**** DATA EXCERPTS

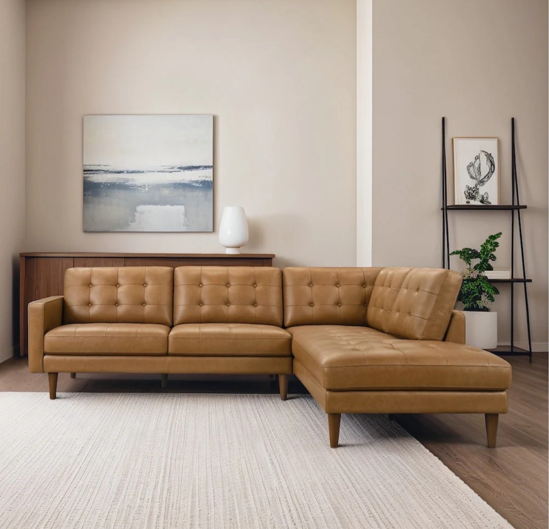 Lucco Cognac Modern L-Shaped Genuine Leather RAF Sectional
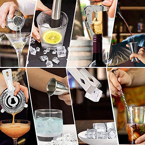 ❤️【Surprisingly Quality Bartending Kit】The cocktail making set is made of the highest quality stainless steel,which does not leech harmful chemicals nor affect your beverages’ flavors. It is durable and easy to clean. Each cocktail accessory is carefully made to provide you with a reliable way to make all your favorite drinks like Margaritas, Martini, Daiquiris, and Mojitos at home or bar.
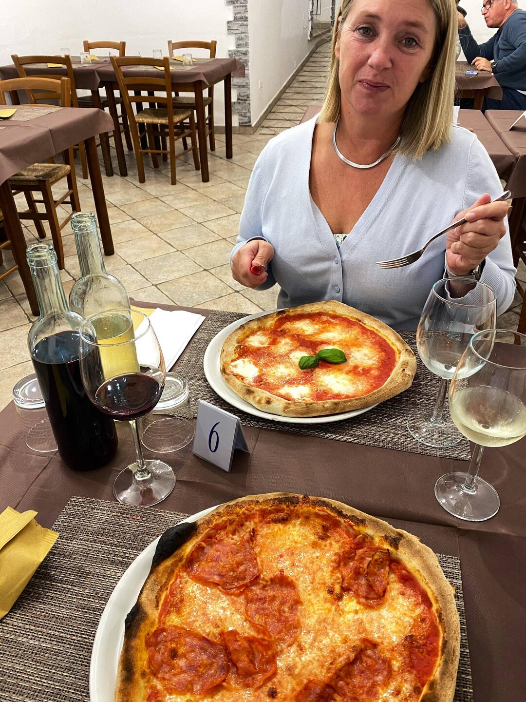 Es gab noch eine leckere Pizza und etwas Wein, bevor wir dann doch recht erschöpft ins Bett fielen.
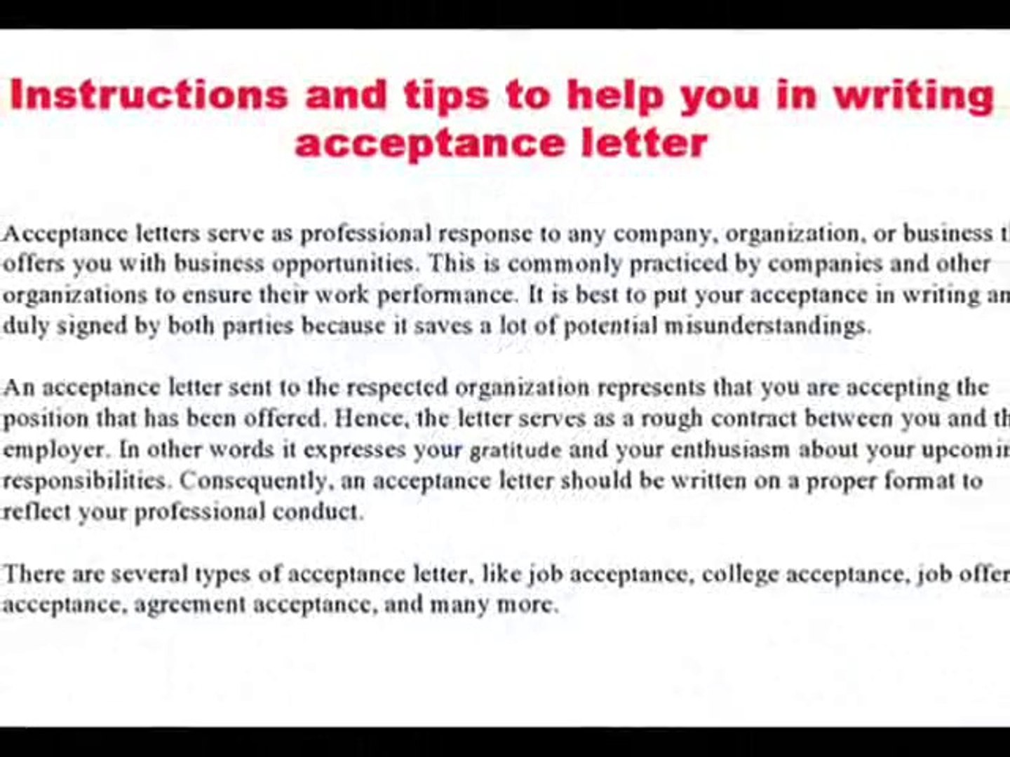 Acceptance Letter For A Job Position - Free Letter Sample Download
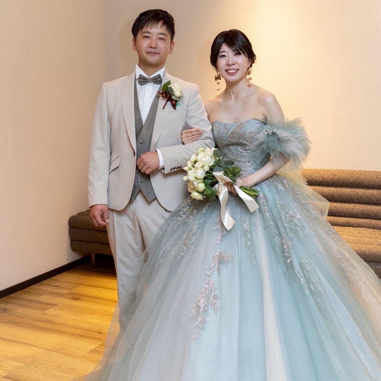 くすみシアンのドレスは、色味が一番気に入ったポイントです。また、ボリュームのあるオフショルダーのデザインも可愛いと思いました。
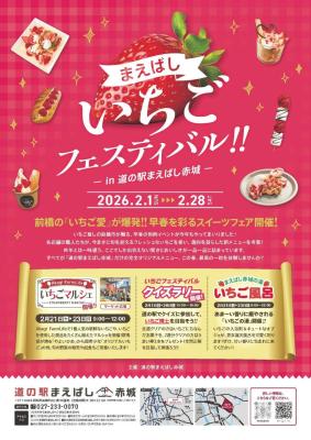 いちご推しの前橋市が贈る、早春の恒例イベントが今年もやってまいりました! 各店舗の職人たちが、今まさに旬を迎えるフレッシュないちごを使い、趣向を凝らした新メニューを考案! 昨年とは一味違う、ここでしか出会えない驚きとおいしさが一品一品に詰まっています♡ すべてが『道の駅まえばし赤城』だけの完全オリジナルメニュー。 この春、最高の一粒を体験しませんか? 各店のいちごメニューは、チラシPDFか下記サイトからチェックできます♪ ■同時開催イベント ◉いちごマルシェ 開催日:2月21~23日 場所:マーケット広場 ◉クイズラリー 開催日:2月1~28日 場所:道の駅内各所 対象:小学生以下(参加無料) ◉いちご風呂 開催日:2月21~23日 場所:まえばし赤城の湯 ■アクセス 【車】関越道渋川伊香保ICより約10分/駒寄スマートICより約10分 【バス】JR前橋駅より渋川駅行きバスで約25分「法華沢バス停」で降車後徒歩10分 ■駐車場 あり(約500台/無料) >>>>>詳しくはこちら<<<<< 道の駅まえばし赤城 https://maebashi-akagi.jp/amuse/post-17507 ※掲載後、日程や時間等が変更になっている場合がございます。お出かけ前には公式サイト等をご確認ください。 |
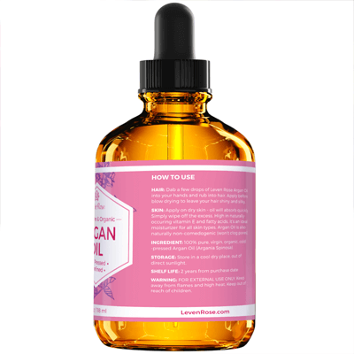 Leven Rose Argan Oil is made in Morocco, leaving all the important essential elements in the oil, with NO additives or fillers. A dark amber bottle with a glass stopper extends the shelf life since natural oils are light-sensitive and should be stored away from light. Oils that are not packaged in dark bottles may lose potency and become less effective.
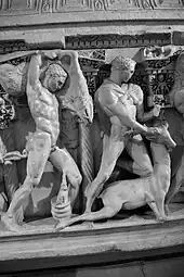 The Roman Period Hall has displays of antiquities from 30 BC to 395 AD from Iconium of "Sidemara type marble Herakles Sarcophagus with columns (250-260 AD)", pottery, glassware, ivory and ornaments; Byzantine Period (395-1453 AD) artifacts of "base mosaics" from Tatköy Church in Sille, Tatköy, Çumra, Alibeyhöyük, and Kilise, and also "bronze door knockers, cauldron handles, rolickers, crosses, marks and arrow ends" of the period.[1] The prominent exhibits here are the 3rd century marble sarcophagus with carved scenes from the life of Hercules, a sarcophagus made in clay of the Roman period, a marble sarcophagus with engraved festoons, a 2nd-century sculpture of Poseidon, and religious stone slab of the goddess Cybele (the Anatolian mother goddess).[2]
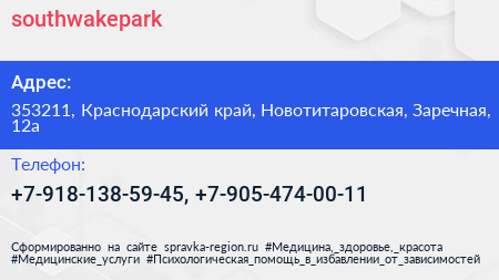 southwakepark по адресу 353211, Краснодарский край, Новотитаровская, Заречная, 12а в дальнейшем Организация, размещена в следующих категориях:
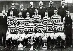 Celtic won the title ahead of Falkirk and Rangers. A 1–0 win at Rangers' home Ibrox in an Old Firm match on 25 April 1908 meant that they could not be caught by either pursuer. In the close season, the Celtic goalscorer Alec Bennett switched to Rangers, one of very few player moves directly between the rivals.[1]
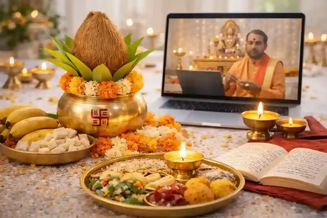 The puja can conducted via Google Meet, Zoom, WhatsApp video call, or any other system that is amenable for the service delivery. Stable internet connection is recommended for a smooth experience.
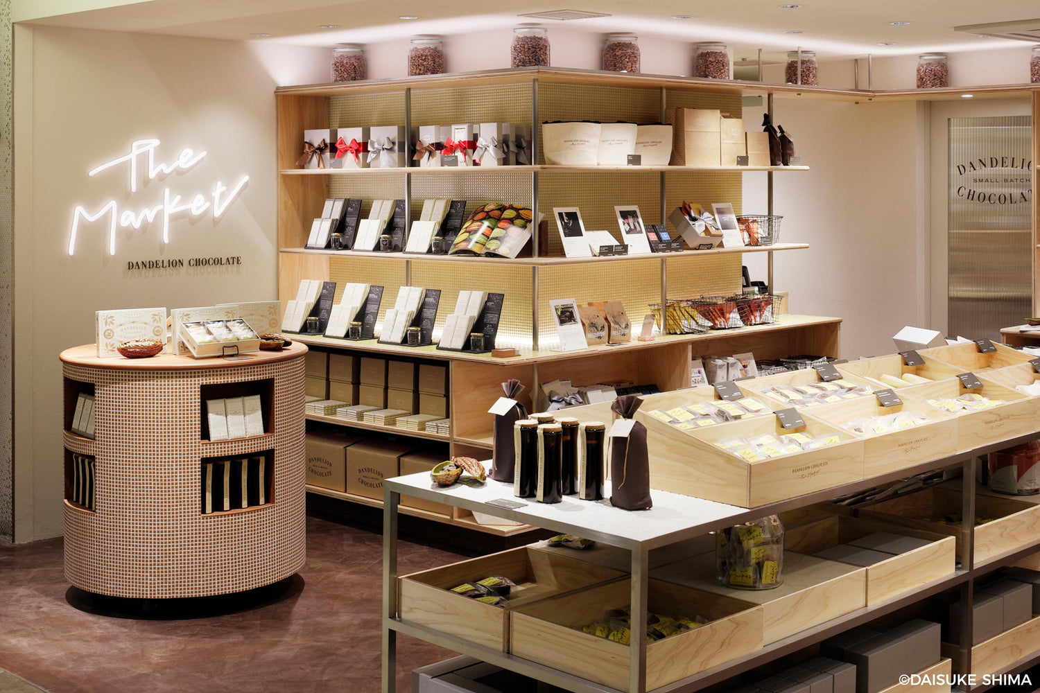 "The Market"は、チョコレートから生まれる多彩な商品が集合した「マーケット」を意味しています。吉祥寺店は小さいながらもテイスティングスペースを備え、チョコレートの世界を広げるコラボレーション商品やオリジナルグッズもご用意しました。
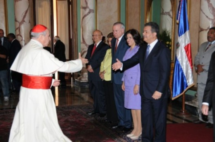 Atendiendo al protocolo de rigor, el primero en felicitar al Jefe de Estado fue su eminencia reverendísima, monseñor Nicolás de Jesús Cardenal López Rodríguez, seguido por monseñor Agripino Núñez Collado, rector de la Pontificia Universidad Católica Madre y Maestra.
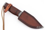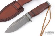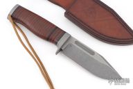 This Micro Tank by Petr Weingartner features a clip point stonewash finished blade with fullers and notched thumbrest, .201" blade stock and 1.508" blade depth, hidden tang construction. The handle has a bead blasted stainless steel guard and butt, stacked leather handle with black spacers. Lanyard hole in pommel. Includes leather sheath with belt loop. New condition. Comes with COA dated 3-3-25
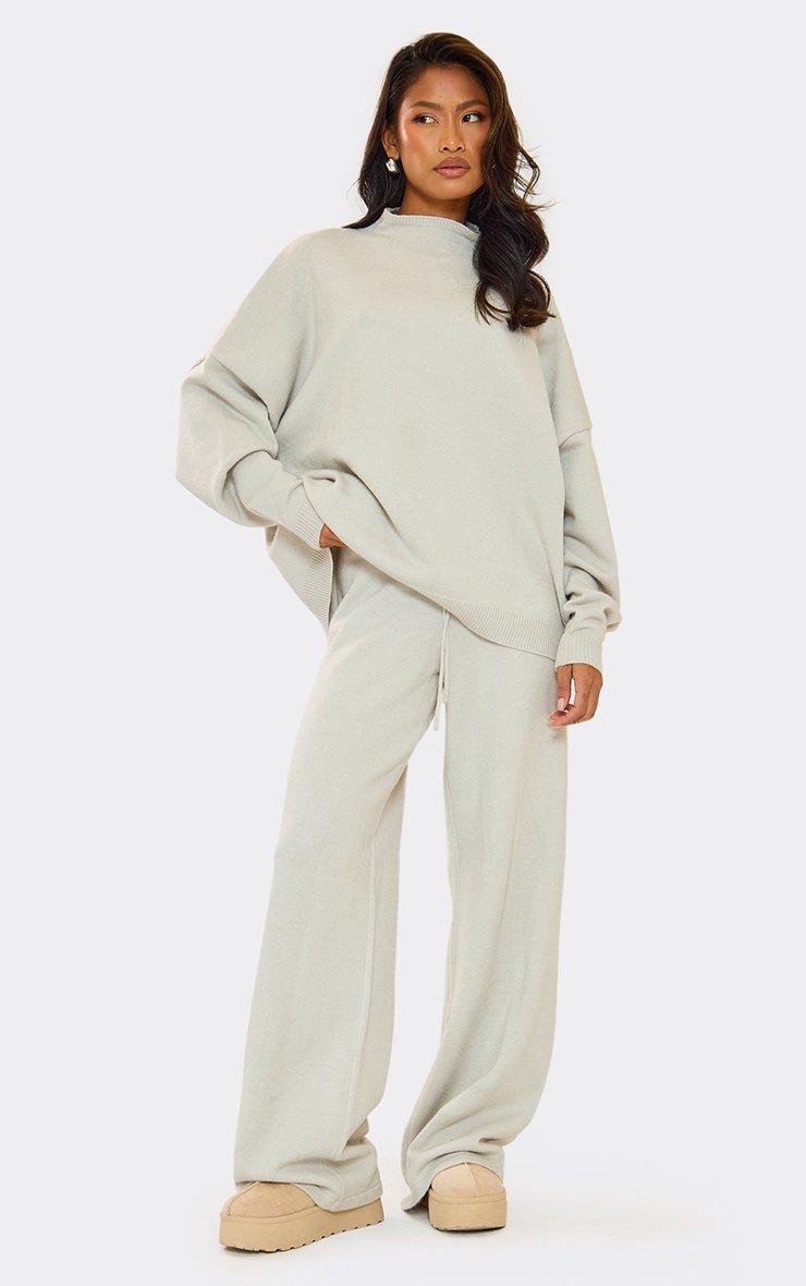 Tie Waist Wide Leg Trousers In Grey Marl Knit
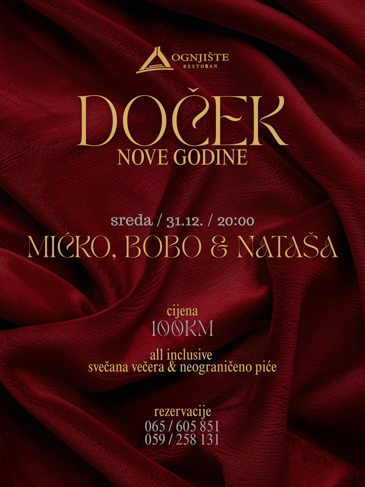 U novogodišnjoj noći će samo za Vas svirati i pjevati trio Mićko, Nataša i Bobo !

********

→ **YOUR TASK**:
Your answer must be the entries repeated exactly, with no pictures.

→ **SOLUTION**:
 Lucco Cognac Modern L-Shaped Genuine Leather RAF Sectional
 ❤️【Surprisingly Quality Bartending Kit】The cocktail making set is made of the highest quality stainless steel,which does not leech harmful chemicals nor affect your beverages’ flavors. It is durable and easy to clean. Each cocktail accessory is carefully made to provide you with a reliable way to make all your favorite drinks like Margaritas, Martini, Daiquiris, and Mojitos at home or bar.
 Es gab noch eine leckere Pizza und etwas Wein, bevor wir dann doch recht erschöpft ins Bett fielen.
 Acceptance Letter For A Job Position - Free Letter Sample Download
 くすみシアンのドレスは、色味が一番気に入ったポイントです。また、ボリュームのあるオフショルダーのデザインも可愛いと思いました。
 いちご推しの前橋市が贈る、早春の恒例イベントが今年もやってまいりました! 各店舗の職人たちが、今まさに旬を迎えるフレッシュないちごを使い、趣向を凝らした新メニューを考案! 昨年とは一味違う、ここでしか出会えない驚きとおいしさが一品一品に詰まっています♡ すべてが『道の駅まえばし赤城』だけの完全オリジナルメニュー。 この春、最高の一粒を体験しませんか? 各店のいちごメニューは、チラシPDFか下記サイトからチェックできます♪ ■同時開催イベント ◉いちごマルシェ 開催日:2月21~23日 場所:マーケット広場 ◉クイズラリー 開催日:2月1~28日 場所:道の駅内各所 対象:小学生以下(参加無料) ◉いちご風呂 開催日:2月21~23日 場所:まえばし赤城の湯 ■アクセス 【車】関越道渋川伊香保ICより約10分/駒寄スマートICより約10分 【バス】JR前橋駅より渋川駅行きバスで約25分「法華沢バス停」で降車後徒歩10分 ■駐車場 あり(約500台/無料) >>>>>詳しくはこちら<<<<< 道の駅まえばし赤城 https://maebashi-akagi.jp/amuse/post-17507 ※掲載後、日程や時間等が変更になっている場合がございます。お出かけ前には公式サイト等をご確認ください。 |
 Leven Rose Argan Oil is made in Morocco, leaving all the important essential elements in the oil, with NO additives or fillers. A dark amber bottle with a glass stopper extends the shelf life since natural oils are light-sensitive and should be stored away from light. Oils that are not packaged in dark bottles may lose potency and become less effective.
 The Roman Period Hall has displays of antiquities from 30 BC to 395 AD from Iconium of "Sidemara type marble Herakles Sarcophagus with columns (250-260 AD)", pottery, glassware, ivory and ornaments; Byzantine Period (395-1453 AD) artifacts of "base mosaics" from Tatköy Church in Sille, Tatköy, Çumra, Alibeyhöyük, and Kilise, and also "bronze door knockers, cauldron handles, rolickers, crosses, marks and arrow ends" of the period.[1] The prominent exhibits here are the 3rd century marble sarcophagus with carved scenes from the life of Hercules, a sarcophagus made in clay of the Roman period, a marble sarcophagus with engraved festoons, a 2nd-century sculpture of Poseidon, and religious stone slab of the goddess Cybele (the Anatolian mother goddess).[2]
 southwakepark по адресу 353211, Краснодарский край, Новотитаровская, Заречная, 12а в дальнейшем Организация, размещена в следующих категориях:
 Celtic won the title ahead of Falkirk and Rangers. A 1–0 win at Rangers' home Ibrox in an Old Firm match on 25 April 1908 meant that they could not be caught by either pursuer. In the close season, the Celtic goalscorer Alec Bennett switched to Rangers, one of very few player moves directly between the rivals.[1]
 The puja can conducted via Google Meet, Zoom, WhatsApp video call, or any other system that is amenable for the service delivery. Stable internet connection is recommended for a smooth experience.
 "The Market"は、チョコレートから生まれる多彩な商品が集合した「マーケット」を意味しています。吉祥寺店は小さいながらもテイスティングスペースを備え、チョコレートの世界を広げるコラボレーション商品やオリジナルグッズもご用意しました。
 Atendiendo al protocolo de rigor, el primero en felicitar al Jefe de Estado fue su eminencia reverendísima, monseñor Nicolás de Jesús Cardenal López Rodríguez, seguido por monseñor Agripino Núñez Collado, rector de la Pontificia Universidad Católica Madre y Maestra.
 This Micro Tank by Petr Weingartner features a clip point stonewash finished blade with fullers and notched thumbrest, .201" blade stock and 1.508" blade depth, hidden tang construction. The handle has a bead blasted stainless steel guard and butt, stacked leather handle with black spacers. Lanyard hole in pommel. Includes leather sheath with belt loop. New condition. Comes with COA dated 3-3-25
 Tie Waist Wide Leg Trousers In Grey Marl Knit
 U novogodišnjoj noći će samo za Vas svirati i pjevati trio Mićko, Nataša i Bobo !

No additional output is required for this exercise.